WATCH | The ascension of Christian Coleman, Andre De Grasse:
Still, sidelining the most recent world champion in the most-watched event of the summer Olympics hurts both the games and the sport of track and field. Coleman might not have Bolt's effusive, yet easy-going, made-for-mainstream audiences personality, but he's American, and that matters.
Among everyday sports fans and media in the U.S., understanding of track and field is about as broad and deep as an ashtray, which explains why several times a year football writers try to explain why NFL players are faster than Olympic sprinters. This month it's D.K. Metcalf, the Seattle Seahawks receiver who made highlight reels with his coast-to-coast chase-down of Arizona Cardinals safety Budda Baker last Sunday night. Metcalf's wearable tech measured his top speed at 22.64 m.p.h., or 10.1 metres per second if you're fluent in sprinting.
That stat prompted one writer to calculate that Metcalf's speed, if sustained, converts to 9.88 seconds over 100 metres, except that conclusion assumes Metcalf's peak speed is also his average — which is impossible. A peak, by definition, isn't sustained. That's why it's a peak. A true 9.88 sprinter likely maxes out north of 11.5 metres per second. Track aficionados understand that distinction, but people raised on U.S. football, and hand-timed 40-yard dashes as the gold standard of speed, often don't.
Enter Coleman, who went viral in 2016 when he ran a 40 under NFL Combine conditions and clocked 4.12 seconds, a full tenth of a second faster than the best time ever recorded at the combine.

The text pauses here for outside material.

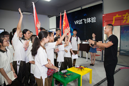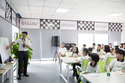 为了锻炼学生干部的团队协作能力,拓展学生干部的视野,感受东莞最前沿的科技成就,接受爱国主义教育,打造一支特别能吃苦、特别能奉献、特别有能力的学生干部队伍,让我校的学生会干部队伍建设成为学校的又一品牌。6月2日,由思政处任玉柱副主任、校团委副书记范谨煜、初一、初二年级选派46名优秀学生会干部部代表,参加由学校团委组织的学生干部励志营活动。励志营的第一站是位于东莞常平的异能无人机科技有限公司。同学们怀着兴奋的心情,认真聆听讲师讲解无人机的知识,观看精心准备的无人机表演秀,还通过无人机航拍下了团体照片。接着,同学们走进异能无人机展览馆,进一步了解无人机的“前世今生”。此时,同学们已经对无人机产生浓厚的兴趣,看着一架架精美神奇的无人机,已经对遥控无人机跃跃欲试。这不,机会来了,每一位同学都在科技馆里亲身体验了遥控无人机,简直太过瘾了!

That figure might mean little in the track and field world, but it translates Coleman's speed into a language U.S. sports fans recognize. And so it positioned him as a bridge between a sport that gains mainstream attention for two weeks every Olympic summer, and the massive North American fan base that could make the whole enterprise more lucrative.
Instead, Coleman has a suspension he'll have to appeal to the Court for Arbitration in Sport, hoping a win will put him on the start line next season. If he loses he'll have to watch the Tokyo 100 metre final, probably on television or from a safe social distance, one more way the World's Fastest Man is just like the rest of us.